“Unwritten Rules”
Wisdom for back-to-school success from MDTMT Jr. Leader + Asheville City Schools Student Academic Support Specialist, DeAngelo Collins
“All behavior is a form of communication,” says DeAngelo Collins when discussing one of his favorite subjects in the world - human behavior. And it’s his gifts for working with and (maybe equally as important) simply being with young people as they learn to understand and master their own behaviors, that makes DeAngelo uniquely impactful in his professional roles.
As a Student Academic Support Specialist with Asheville City Schools, DeAngelo likens himself to a bridge - a bridge with whom teachers, families and students can all be seen, heard and understood. “Good communication is the key,” he says. DeAngelo continues, “A lot of times in my conversations, when teachers, parents, guardians, and a student are at the table, I reflect on what the student has told me about what they’re experiencing, in school and out, and I try to be who I would have needed when I was that student.”
It wasn’t that long ago, afterall. DeAngelo graduated from Asheville High in 2018 and in the 5 years since, he’s transitioned from being a student enrolled in My Daddy Taught Me That (a youth development program for boys 12-18) to spearheading and leading My Daddy Taught Me That Jr., mentoring boys ages 5-11. DeAngelo says he was far from what anyone would’ve called the “ideal student” when he was in elementary school at Hall Fletcher or at Asheville Middle School. He shares, “I’ll be honest, I gave some of my teachers and the other students hell. I was off the chain. I was bored and I made it rough for a lot of people. That’s why I can’t get frustrated with the kids I work with now. I still see the effects of what my village did for me when I needed it. I personally understand what the village and Asheville City Schools can do. It’s why I love my jobs and my place in life right now.” Adding to the full circle of it all, DeAngelo began as a Support Specialist two years ago at Hall Fletcher, and this year he’ll be working with students at (wait for it…) Asheville Middle School.

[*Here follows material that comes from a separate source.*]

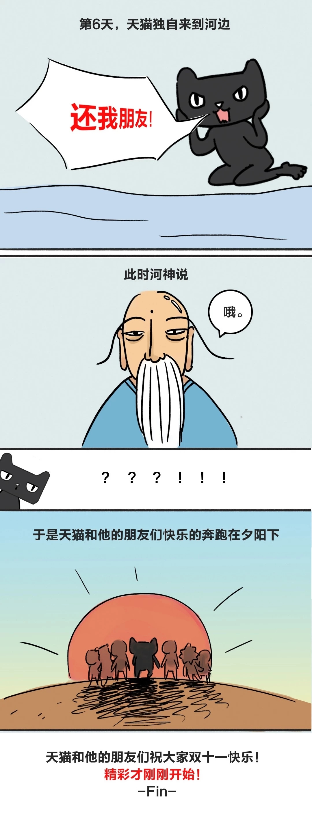 天猫IP漫画:当天猫的朋友们掉到了河里……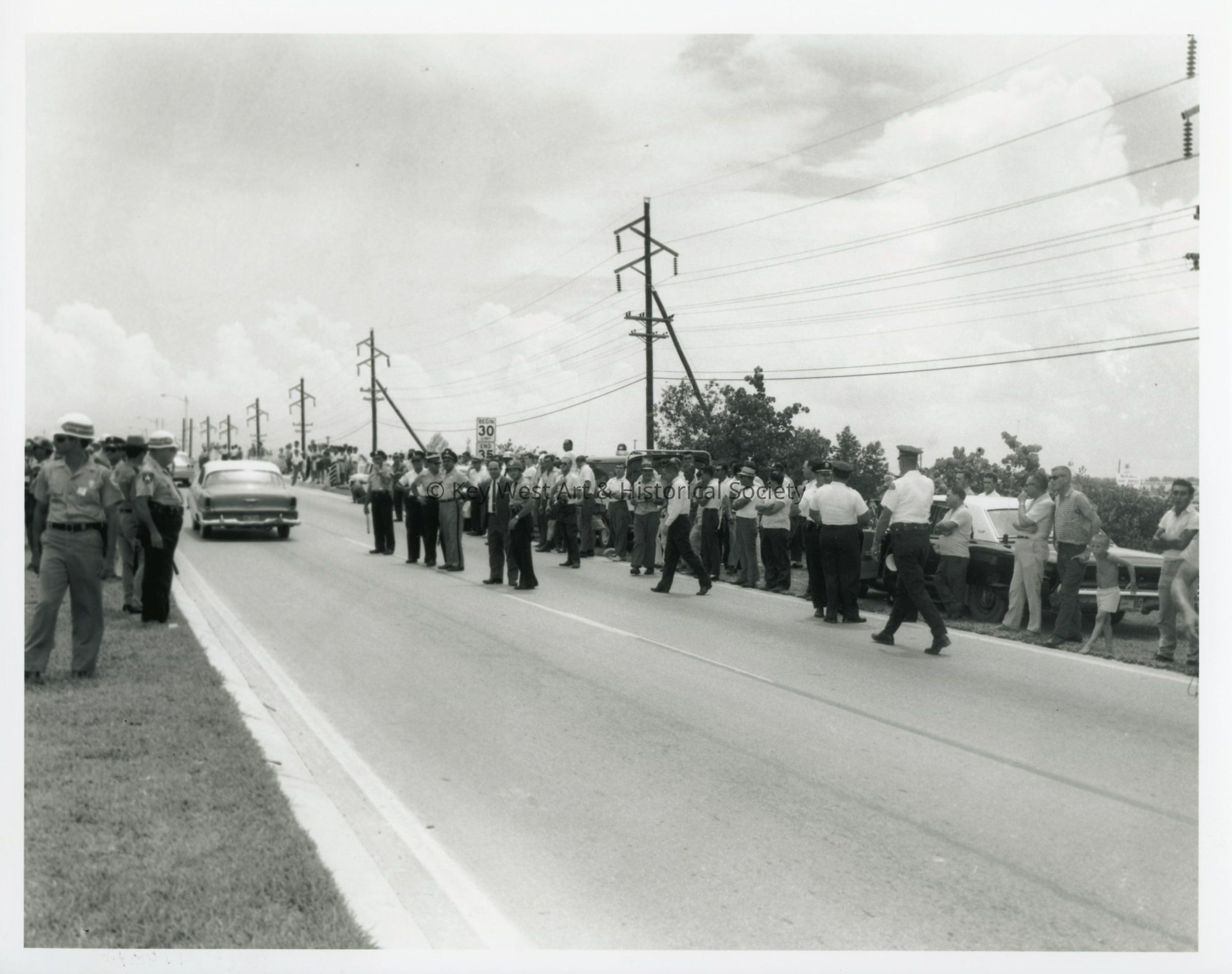 Black and white photograph of a law enforcement on the highway during the Mariel Boatlift.

As the clock winds down on summer and a new school year approaches, DeAngelo shares 8 ways we (the village!) can help our young people succeed in school and life:
1. Be Honest
“Students are usually so much more advanced than parents and adults think they are. They’re aware of so many things and know about the ways of the world. Kids just have so much more access to things, way more than their parents did, and already even more than I did. It all has changed so dramatically, so fast. Kids can spot BS better than anyone. They will know if you’re being honest.”
2. Be Humble
“Adults can get so locked into their opinions that whenever a kid brings something to the table, it really doesn’t get heard or respected. Try asking kids questions and keep a humble ear when listening. It can help make it a conversation instead of an argument.”
3. Be Upfront + Vulnerable
“Talk to the kids in your life about what’s going on in the world and in your world. Good things happen, bad things happen - that’s life. You're not going to be able to control or fully prepare them for everything they will have to deal with at school, but they’ll know they can have open, honest conversations with you if you lay the foundation.
4. Reach Out
“I respect how hard parents try to do everything themselves, but I think loosening that mindset could benefit them and kids. The schools, the family, the individual student - no one part has all the answers. Sharing a need and accepting support from organizations and schools - it’s not coming out of judgment, it’s just your village wanting to collaborate! My Mom reached out when I needed support and I think it helped save my life.”
5. Be Creative
“My office has boxing gloves, a punching bag and workout equipment… you never know what might come in handy with kids. If we need to burn off some energy before a student can focus on their math, I’m ready! There are times things have to be done a certain way and in a certain order, but when they don’t, I motivate the students in unique ways and it shows I care because I still hold them to a high academic standard while having fun.”
6. Take Care of Yourself
“Take off that parenting (or disciplinarian) hat sometimes, give yourself a break! Kids learn to respect their own needs and limits best from watching their family. I think of myself as like a battery. I try to look at my day ahead and judge how much energy I can put into each thing I want or need to do. I know I want to give whatever I do my best, and that means I can’t give 110% everywhere.”
7. Share the “unwritten rules”
“In my jobs, even though I’m only 23 years old, I see how social media and the screens have rapidly demoralized authenticity, morals, principles, accountability and things of that nature. I may not be teaching students one certain subject, but those basics - hard work and self-motivation - I call them the unwritten rules of society, there is a void there we can all help fill.”
8. Love and Enjoy!
“All these kids are flowers. They just need to be watered and nurtured and they’re going to bloom! Kids are all beyond amazing.”